Assigned task – Everything from the line with "Například na eBay" down to the line with "RH-030-25 Samii tumorkés,hajlított, 2,5" below must be printed exactly, those two lines included. Exclude pictures.

Dataset entries –
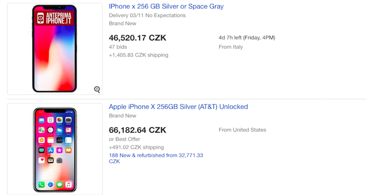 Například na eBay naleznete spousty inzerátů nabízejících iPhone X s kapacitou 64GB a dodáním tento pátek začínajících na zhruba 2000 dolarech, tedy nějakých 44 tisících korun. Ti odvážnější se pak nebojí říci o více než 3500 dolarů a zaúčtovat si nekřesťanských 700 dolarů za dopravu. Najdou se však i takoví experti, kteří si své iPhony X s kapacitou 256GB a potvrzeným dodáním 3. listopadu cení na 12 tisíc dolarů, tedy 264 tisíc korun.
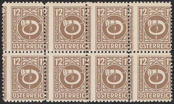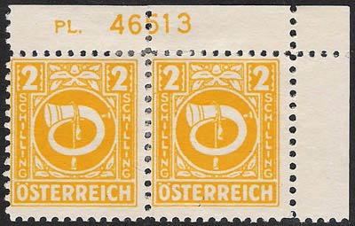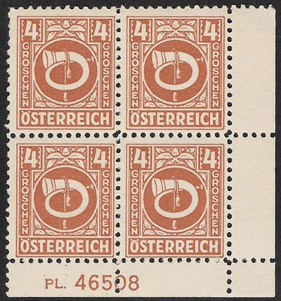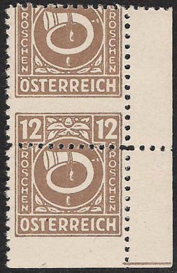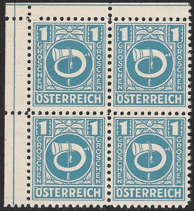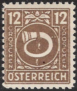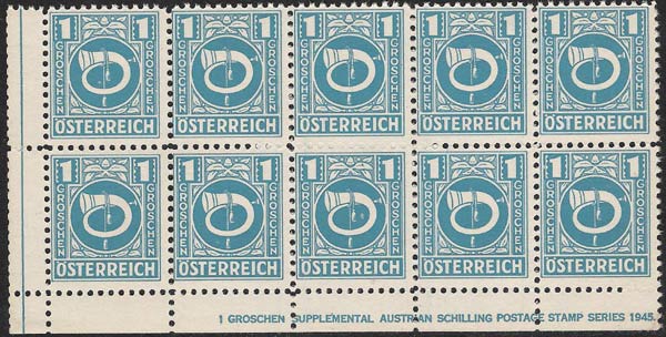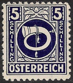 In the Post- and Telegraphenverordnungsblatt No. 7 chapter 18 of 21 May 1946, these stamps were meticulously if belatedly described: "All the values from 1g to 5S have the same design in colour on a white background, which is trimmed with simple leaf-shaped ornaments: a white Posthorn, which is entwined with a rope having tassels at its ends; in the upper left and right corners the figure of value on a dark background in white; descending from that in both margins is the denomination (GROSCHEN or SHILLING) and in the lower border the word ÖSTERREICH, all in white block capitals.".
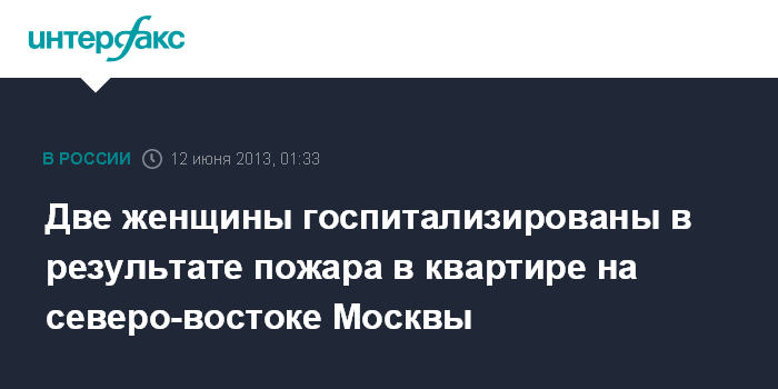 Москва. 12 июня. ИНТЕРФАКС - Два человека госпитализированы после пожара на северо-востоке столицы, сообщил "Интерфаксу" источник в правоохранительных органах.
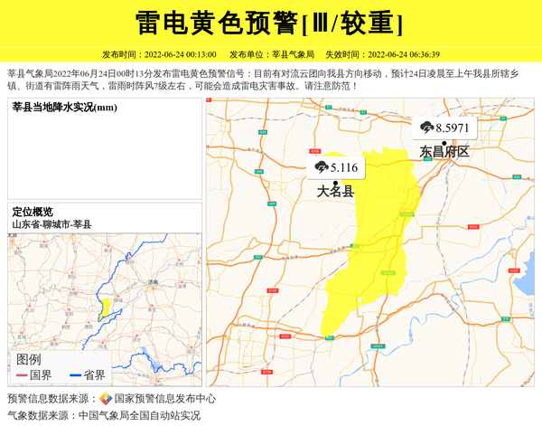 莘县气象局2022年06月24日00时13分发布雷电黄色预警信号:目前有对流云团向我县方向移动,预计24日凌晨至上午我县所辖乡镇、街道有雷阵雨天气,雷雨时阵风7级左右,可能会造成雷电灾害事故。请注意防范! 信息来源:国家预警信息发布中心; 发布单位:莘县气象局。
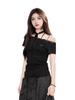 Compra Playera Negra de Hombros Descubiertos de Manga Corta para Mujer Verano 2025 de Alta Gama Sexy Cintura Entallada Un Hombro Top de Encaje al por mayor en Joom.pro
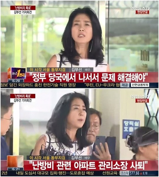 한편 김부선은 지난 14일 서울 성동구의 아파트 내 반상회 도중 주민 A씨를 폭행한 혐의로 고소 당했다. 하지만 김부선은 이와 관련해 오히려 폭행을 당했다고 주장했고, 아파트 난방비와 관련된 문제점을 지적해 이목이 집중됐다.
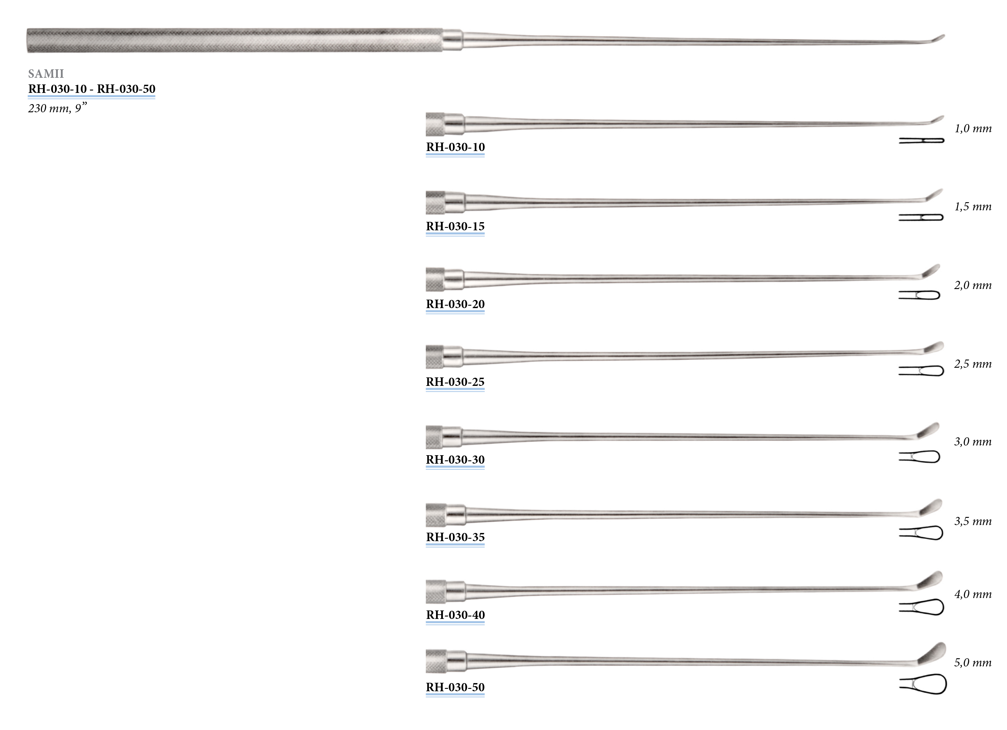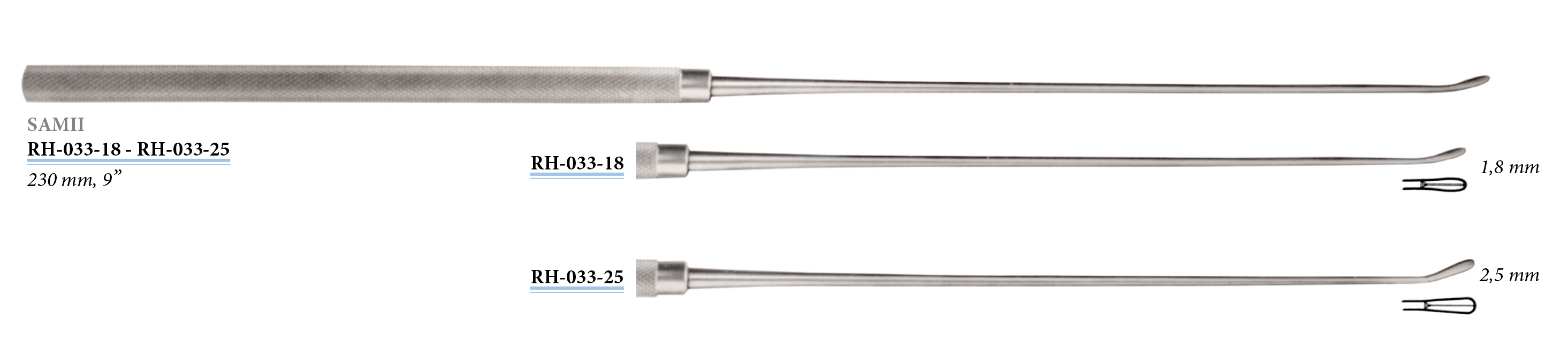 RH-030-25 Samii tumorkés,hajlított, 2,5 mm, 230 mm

* * *

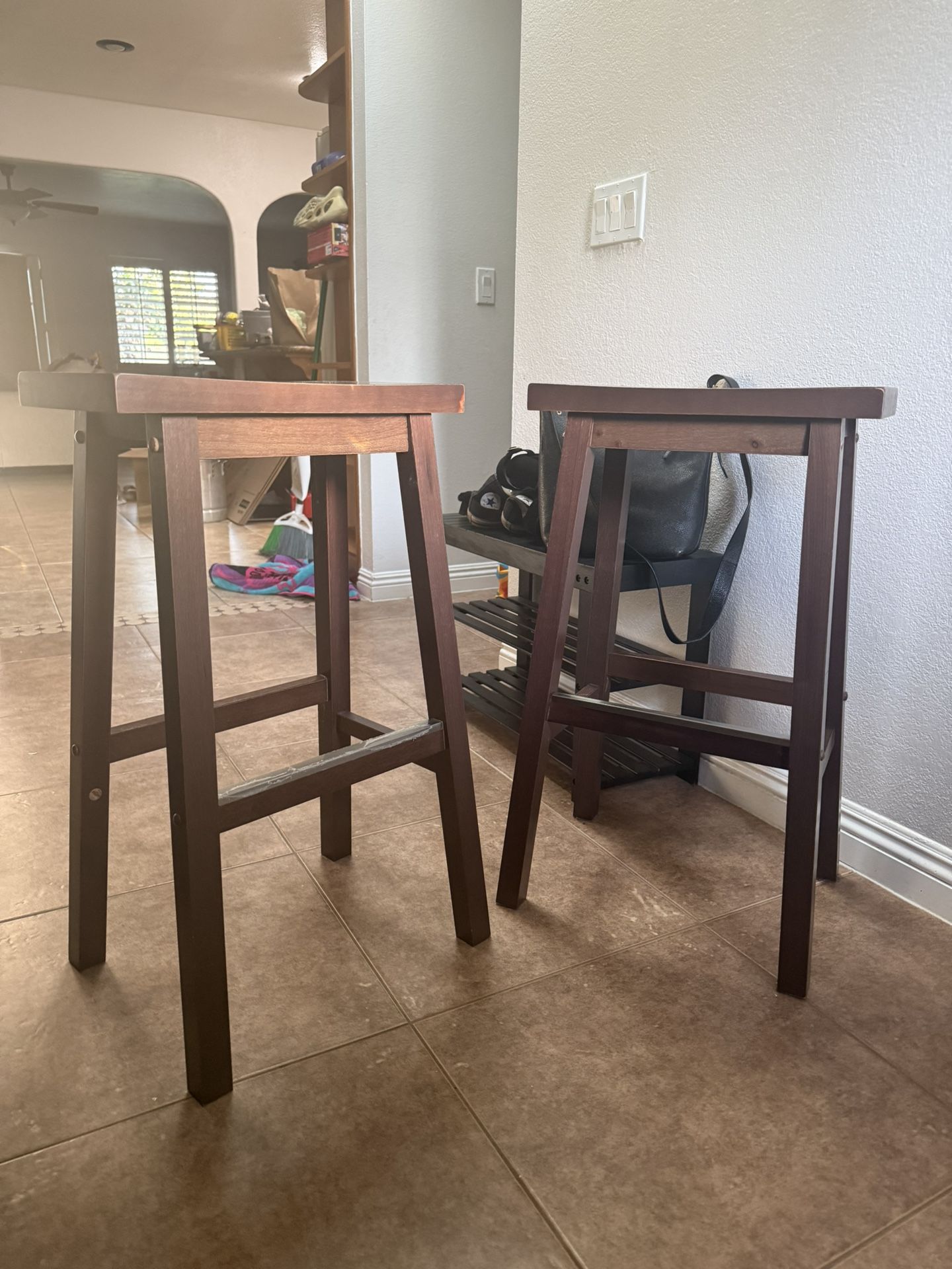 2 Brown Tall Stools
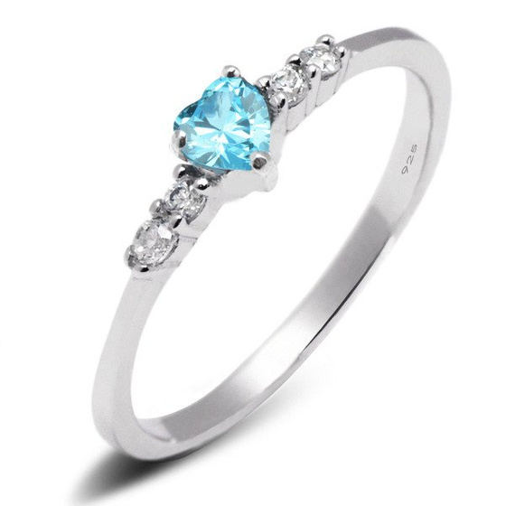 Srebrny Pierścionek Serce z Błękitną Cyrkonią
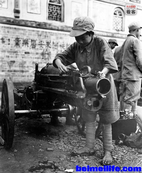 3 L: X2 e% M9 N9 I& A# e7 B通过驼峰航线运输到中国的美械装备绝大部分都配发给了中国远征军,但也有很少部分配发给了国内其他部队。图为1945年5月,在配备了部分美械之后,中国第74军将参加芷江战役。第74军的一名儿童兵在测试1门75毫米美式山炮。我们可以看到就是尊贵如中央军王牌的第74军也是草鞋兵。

Your response –
 Například na eBay naleznete spousty inzerátů nabízejících iPhone X s kapacitou 64GB a dodáním tento pátek začínajících na zhruba 2000 dolarech, tedy nějakých 44 tisících korun. Ti odvážnější se pak nebojí říci o více než 3500 dolarů a zaúčtovat si nekřesťanských 700 dolarů za dopravu. Najdou se však i takoví experti, kteří si své iPhony X s kapacitou 256GB a potvrzeným dodáním 3. listopadu cení na 12 tisíc dolarů, tedy 264 tisíc korun.
 In the Post- and Telegraphenverordnungsblatt No. 7 chapter 18 of 21 May 1946, these stamps were meticulously if belatedly described: "All the values from 1g to 5S have the same design in colour on a white background, which is trimmed with simple leaf-shaped ornaments: a white Posthorn, which is entwined with a rope having tassels at its ends; in the upper left and right corners the figure of value on a dark background in white; descending from that in both margins is the denomination (GROSCHEN or SHILLING) and in the lower border the word ÖSTERREICH, all in white block capitals.".
 Москва. 12 июня. ИНТЕРФАКС - Два человека госпитализированы после пожара на северо-востоке столицы, сообщил "Интерфаксу" источник в правоохранительных органах.
 莘县气象局2022年06月24日00时13分发布雷电黄色预警信号:目前有对流云团向我县方向移动,预计24日凌晨至上午我县所辖乡镇、街道有雷阵雨天气,雷雨时阵风7级左右,可能会造成雷电灾害事故。请注意防范! 信息来源:国家预警信息发布中心; 发布单位:莘县气象局。
 Compra Playera Negra de Hombros Descubiertos de Manga Corta para Mujer Verano 2025 de Alta Gama Sexy Cintura Entallada Un Hombro Top de Encaje al por mayor en Joom.pro
 한편 김부선은 지난 14일 서울 성동구의 아파트 내 반상회 도중 주민 A씨를 폭행한 혐의로 고소 당했다. 하지만 김부선은 이와 관련해 오히려 폭행을 당했다고 주장했고, 아파트 난방비와 관련된 문제점을 지적해 이목이 집중됐다.
 RH-030-25 Samii tumorkés,hajlított, 2,5 mm, 230 mm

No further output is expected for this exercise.